* [What you need to do]
Leaving out all pictures, copy the lines below exactly, from the line with "مشهد من كليپ" to the last line, both ends included.

* [Information provided]
..........

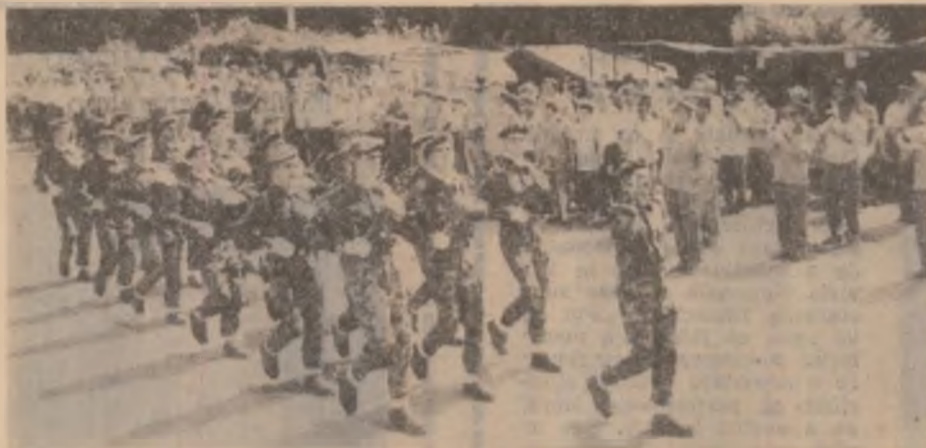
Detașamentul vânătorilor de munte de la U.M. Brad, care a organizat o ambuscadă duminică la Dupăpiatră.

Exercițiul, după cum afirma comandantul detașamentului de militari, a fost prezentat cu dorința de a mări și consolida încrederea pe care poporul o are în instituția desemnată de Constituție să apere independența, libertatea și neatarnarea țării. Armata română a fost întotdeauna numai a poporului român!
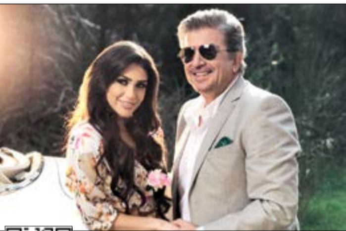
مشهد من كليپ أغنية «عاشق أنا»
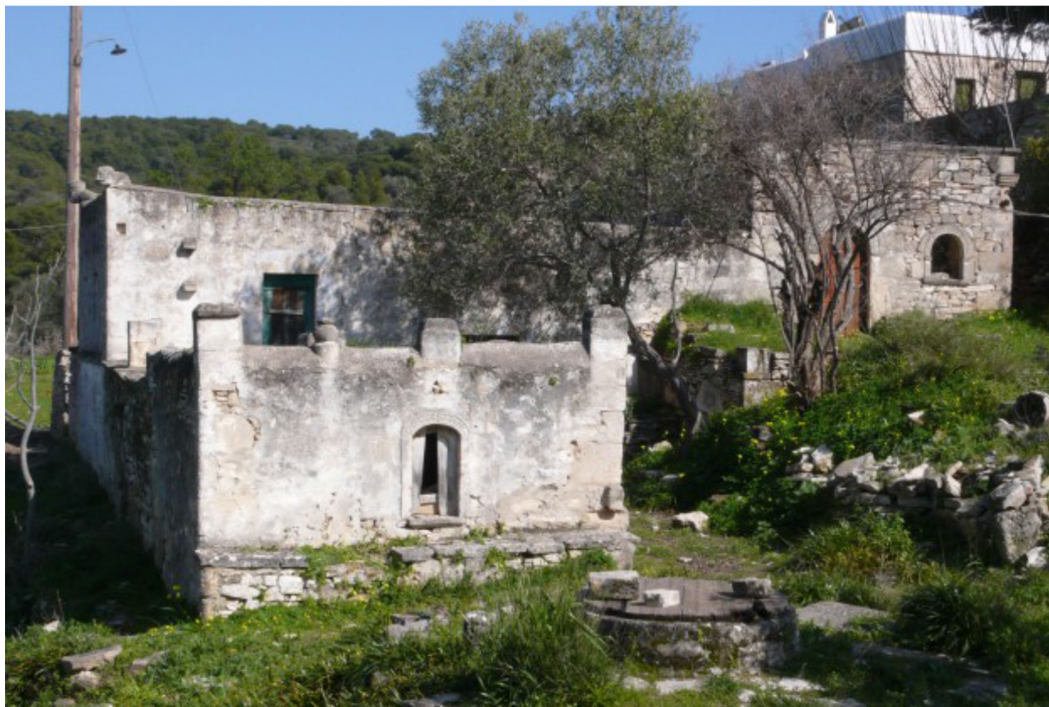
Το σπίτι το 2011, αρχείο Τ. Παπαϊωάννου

..........

* [Written response]
مشهد من كليپ أغنية «عاشق أنا»
Το σπίτι το 2011, αρχείο Τ. Παπαϊωάννου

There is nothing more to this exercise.